Find, in the records below, the line that contains "Check back regularly" and the line that contains "relaxed halter top". Copy those two lines and everything between them exactly, but not the pictures.
======
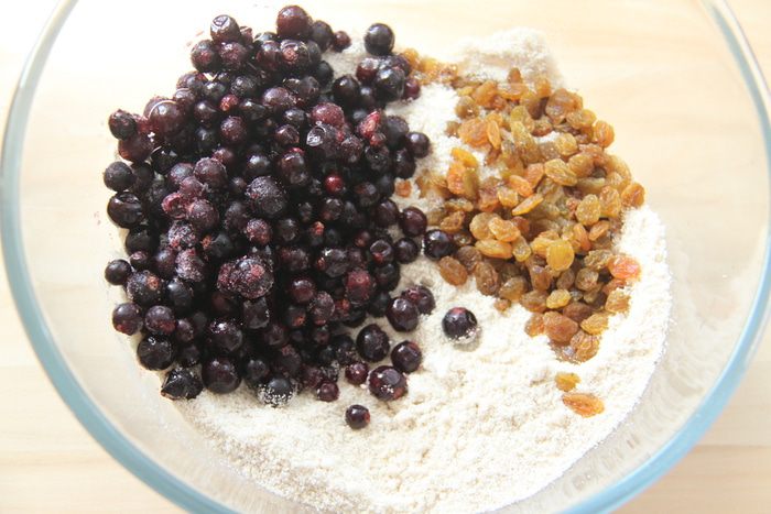 К мучной смеси добавить изюм и чёрную смородину (если замороженная, то не размораживать).
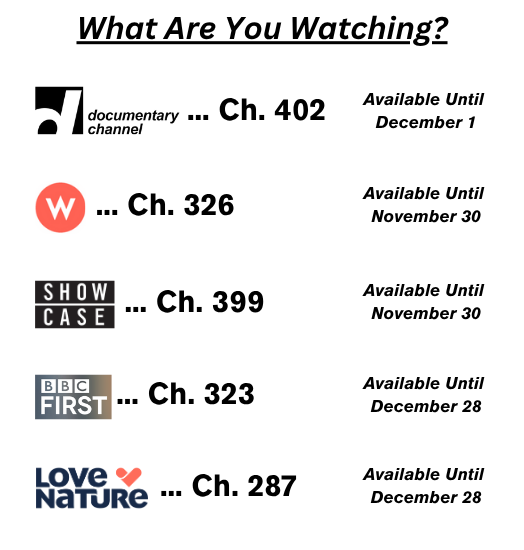 Check back regularly to find out what channels are available for your viewing as well as any channel changes that may have occurred.
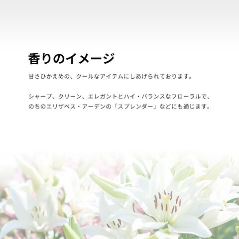 シャープ、クリーン、エレガントとハイ・バランスなフローラルで、のちのエリザベス・アーデンの「スプレンダー」などにも通じます。
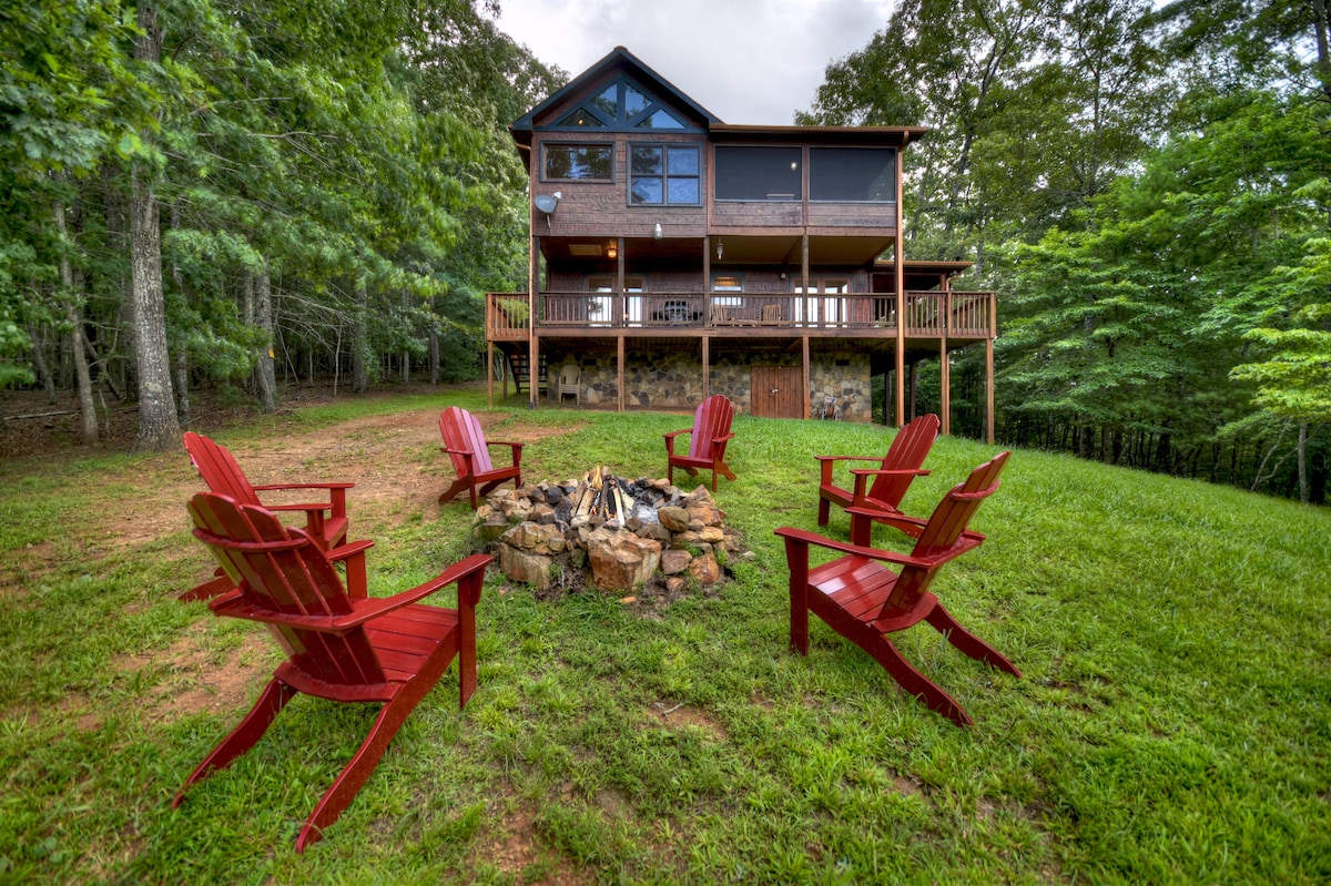 Enjoy lake and mountain views in this updated oasis amongst the trees. Whether you're looking for an outdoor adventure or a rejuvenating escape, we have it all! Situated on a five acre lake, enjoy the private dock and use of our two paddle boards and canoe. After a day of hiking, decompress in the hot tub and sauna. Tons of space to gather both indoors and outdoors, we hope you'll enjoy all the modern amenities while reconnecting with nature. Just 12 minutes to downtown Ellijay!
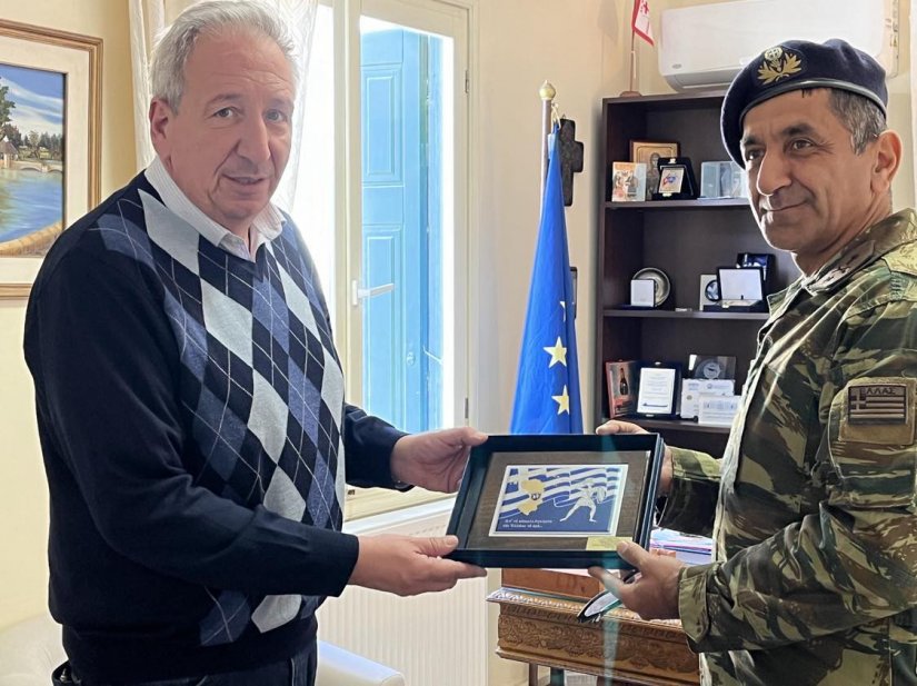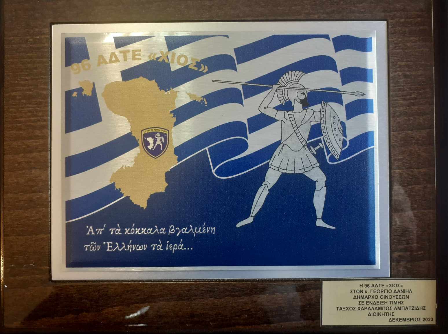 "Με την ευκαιρία της σημερινής επίσκεψης του Διοικητή 96ΑΔΤΕ "Χίος" Ταξίαρχου κ. Χαράλαμπου Αμπατζίδη στα Ε/Φ Οινουσσών και Παναγιάς, είχα την ξεχωριστή τιμή κι ιδιαίτερη χαρά να τον καλωσορίσω στο Δημαρχείο στην πρώτη επίσκεψη του μετά την πρόσφατη ορκωμοσία μας! Ευχαριστώ ευγνωμόνως τον αγαπητό φίλο κ. Ταξίαρχο για τις ευχές και για την τιμητική πλακέτα, που μου επέδωσε. Με την Γαλανόλευκη και τη β' στροφή του Εθνικού Υμνου, δώρο συμβολικό κι επίκαιρο, επιβεβαιώθηκε η αδιατάρακτη στήριξή μας στο έργο των ΕΔ και η παραγωγική συνεργασία μας για την επαύξηση του αισθήματος ασφαλείας των ακριτών μας."
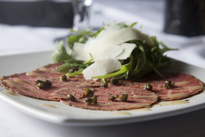 Sabroso Beef Carpaccio que fue acompañado con Joseph Phelps – Chardonnay, 2018. Suministrada.
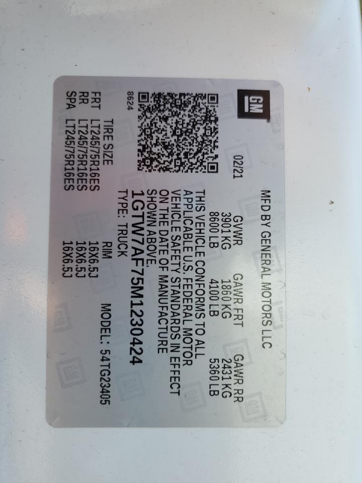 2021 GMC SAVANA - 1GTW7AF75M1230424, колір - Білий, 6.6, Бензин, Задній привід із США
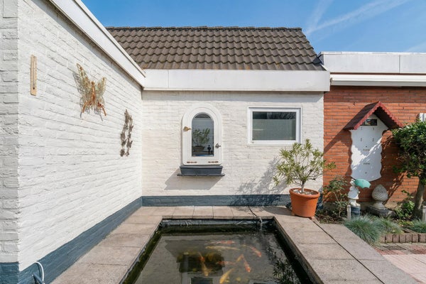 Halfvrijstaande woning met aanbouw, centrale verwarming, garageberging, aparte tuinberging, onderhoudsarme tuin.
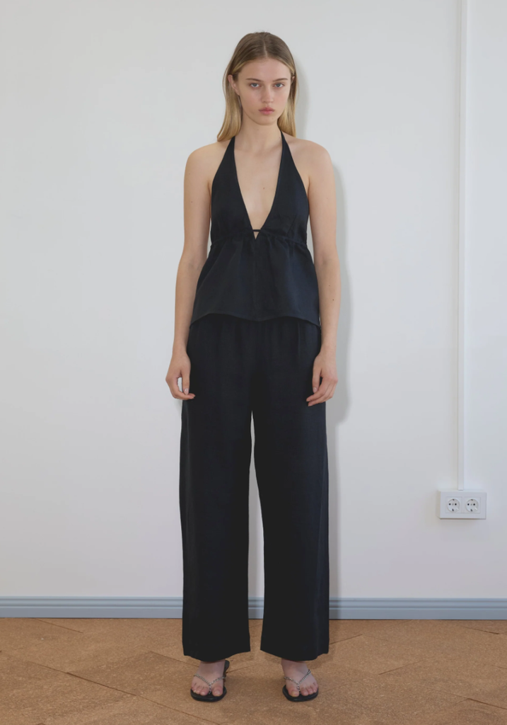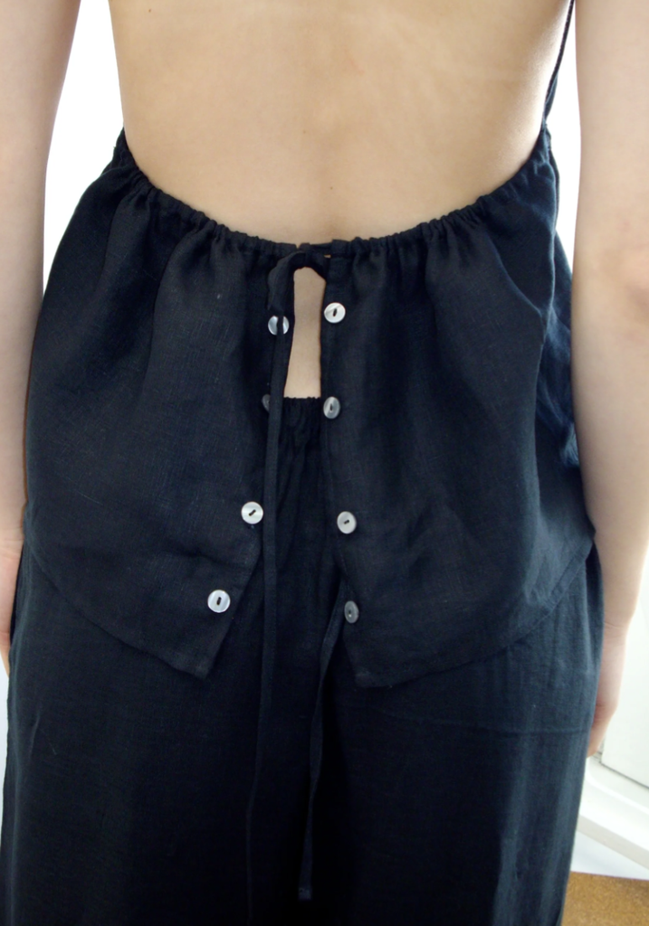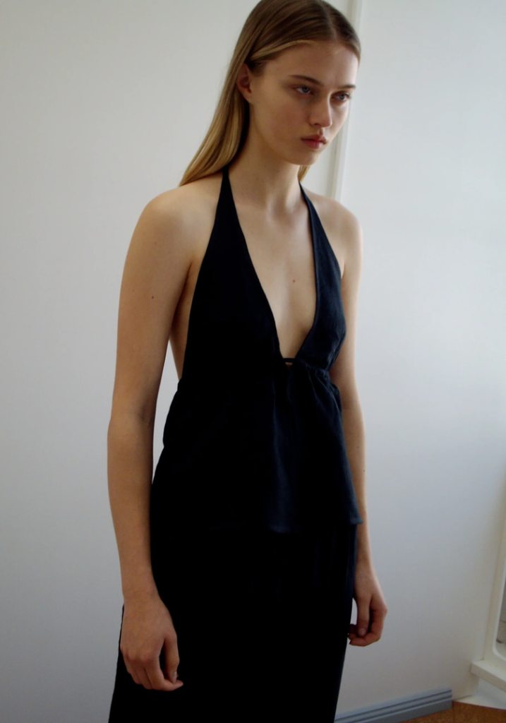 relaxed halter top features flattering v neckline, exposed drawcord front, adjustable backline with drawcord tie closure and silver button detail on split back
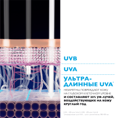 Очень высокая степень защиты. Защита от широкого спектра UV-лучей. Инновационный* UV-фильтр: Mexoryl 400 защищает от ультрадлинных UVA-лучей (380-400 нм), которые незаметны, повреждают кожу на глубоком клеточном уровне и составляют 30% УФ-лучей, воздействующих на кожу круглый год.
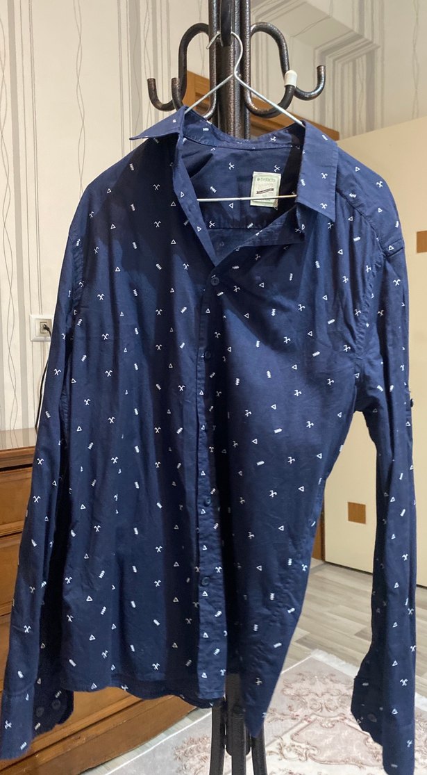 Mavi renkli denim kumaştan, baskılı, düğmeli ve yaka detaylı, bol kesim uzun kollu gömlek. Günlük kullanım için uygundur.
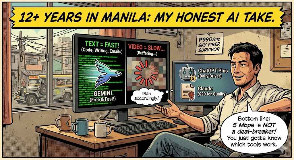 I’ve been living in Manila for 12+ years, and testing AI tools in this exact environment since ChatGPT launched in late 2022. This is not a marketing benchmark. This is what actually happens when you try to use ChatGPT, Claude, and Gemini on a real Manila internet connection.
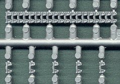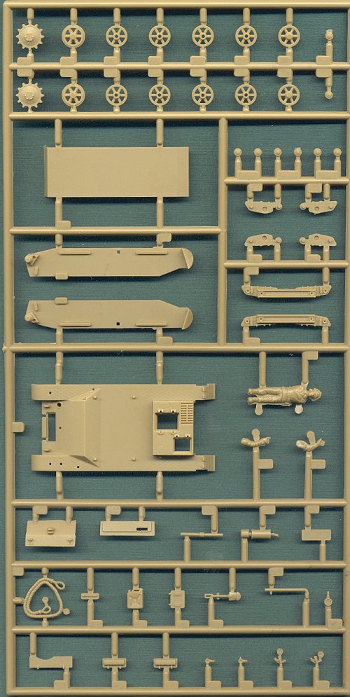 As is normal with the ESCI models, this kit had its tracks changed from the early, belt-type vinyl tracks to hard plastic link ad length tracks in the ESCI/Ertl release. The early tracks aren't as horrible as most vinyl tracks, though it will be difficult to replicate track sag. The hard plastic tracks are nicely done, though a little thick, which makes the vehicles sit a little tall when complete.
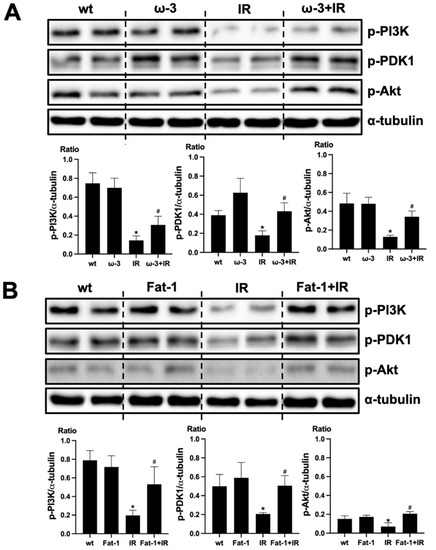 Effects of ω-3 PUFA on PI(3)K/Akt signaling. (A) Representative Western blot of brain lysis: The brain of ω-3 PUFA orally administered IR-injured mice shows increased p-PI3K, p-PDK1, and p-Akt expression compared to IR-injured mice. (B) Representative Western blot of brain lysis: The brain of IR-injured Fat-1 mice showed increased p-PI3K, p-PDK1, and p-Akt expression, compared to that of IR-injured mice. * p < 0.001 vs. wt, # p < 0.001 vs. IR. Bar represents mean ± S.D. (wt, wild-type sham; ω-3 PUFA, ω-3 PUFA oral administration sham; Fat-1, Fat-1 induction sham; IR, IR renal injury in wild-type mice; ω-3+IR, IR renal injury in ω-3 PUFA oral administration mice; Fat-1+IR, IR renal injury in Fat-1 induction mice).
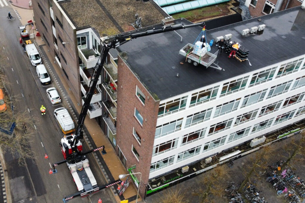 De nieuwste aanwinst werd de volgende dag direct ingezet. Op een bouwlocatie vlak naast de Martinitoren, midden in het centrum van Groningen, kreeg het team van Wagenborg Nedlift de opdracht om bouwmaterialen op het dak te zetten. Een uitgelezen klus voor Johannes en zijn nieuwe kniktelescoopkraan. Dankzij de snelle opbouwtijd en beperkte benodigde opstelruimte konden de hijswerkzaamheden veilig, efficiënt en zonder hinder voor de omgeving worden uitgevoerd.
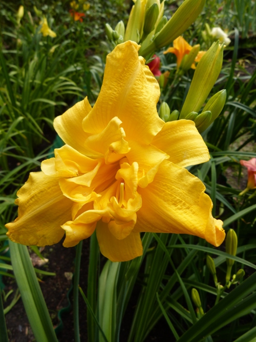 kwiat 10 cm, pełny, złoty, ładnie ukształtowany.
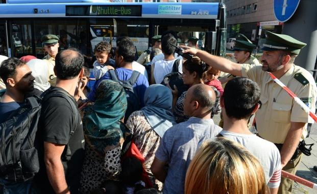 ![]() Des migrans en attente d'un bus à leur arrivée le 1er septembre 2015 à Munich. Photo : AFP/CHRISTOF STACHE |
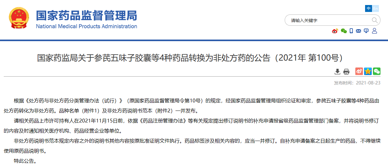 關(guān)于參芪五味子膠囊等4種藥品轉(zhuǎn)換為非處方藥的公告(2021年 第100號)
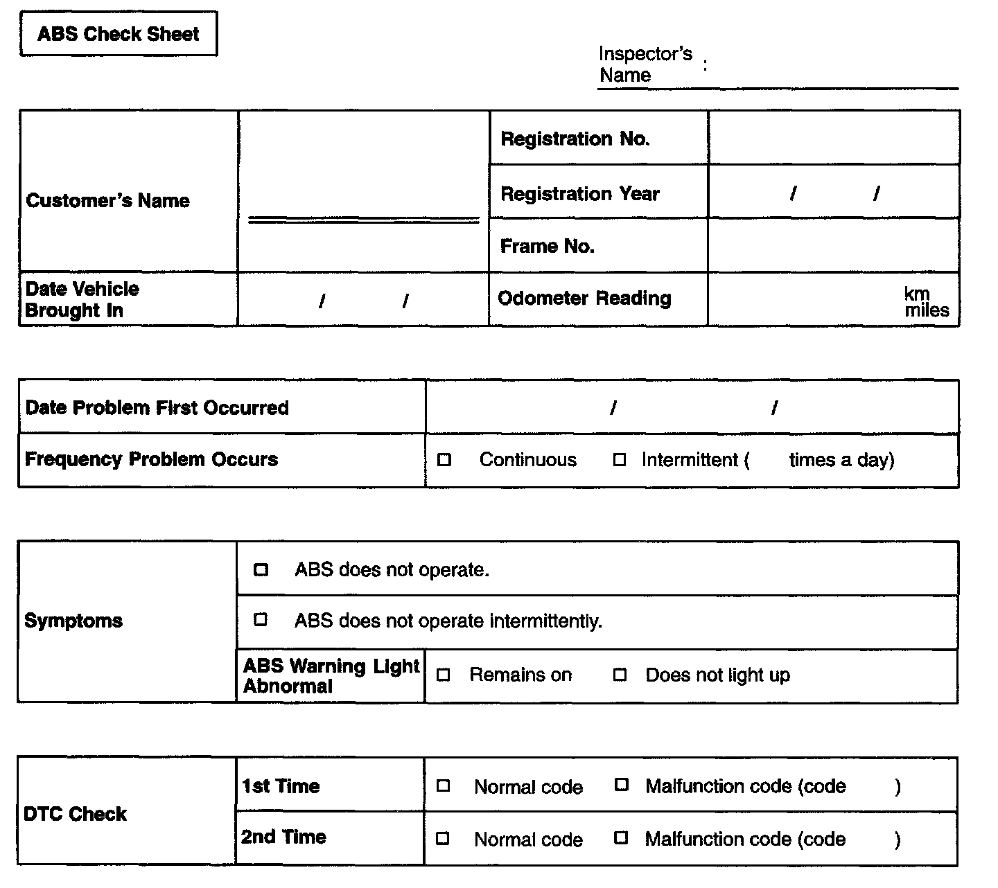ABS Check Sheet:
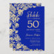 Invitation Royal Blue Gold Roses Surprise 50e anniversaire
======
Response:
 Check back regularly to find out what channels are available for your viewing as well as any channel changes that may have occurred.
 シャープ、クリーン、エレガントとハイ・バランスなフローラルで、のちのエリザベス・アーデンの「スプレンダー」などにも通じます。
 Enjoy lake and mountain views in this updated oasis amongst the trees. Whether you're looking for an outdoor adventure or a rejuvenating escape, we have it all! Situated on a five acre lake, enjoy the private dock and use of our two paddle boards and canoe. After a day of hiking, decompress in the hot tub and sauna. Tons of space to gather both indoors and outdoors, we hope you'll enjoy all the modern amenities while reconnecting with nature. Just 12 minutes to downtown Ellijay!
 "Με την ευκαιρία της σημερινής επίσκεψης του Διοικητή 96ΑΔΤΕ "Χίος" Ταξίαρχου κ. Χαράλαμπου Αμπατζίδη στα Ε/Φ Οινουσσών και Παναγιάς, είχα την ξεχωριστή τιμή κι ιδιαίτερη χαρά να τον καλωσορίσω στο Δημαρχείο στην πρώτη επίσκεψη του μετά την πρόσφατη ορκωμοσία μας! Ευχαριστώ ευγνωμόνως τον αγαπητό φίλο κ. Ταξίαρχο για τις ευχές και για την τιμητική πλακέτα, που μου επέδωσε. Με την Γαλανόλευκη και τη β' στροφή του Εθνικού Υμνου, δώρο συμβολικό κι επίκαιρο, επιβεβαιώθηκε η αδιατάρακτη στήριξή μας στο έργο των ΕΔ και η παραγωγική συνεργασία μας για την επαύξηση του αισθήματος ασφαλείας των ακριτών μας."
 Sabroso Beef Carpaccio que fue acompañado con Joseph Phelps – Chardonnay, 2018. Suministrada.
 2021 GMC SAVANA - 1GTW7AF75M1230424, колір - Білий, 6.6, Бензин, Задній привід із США
 Halfvrijstaande woning met aanbouw, centrale verwarming, garageberging, aparte tuinberging, onderhoudsarme tuin.
 relaxed halter top features flattering v neckline, exposed drawcord front, adjustable backline with drawcord tie closure and silver button detail on split back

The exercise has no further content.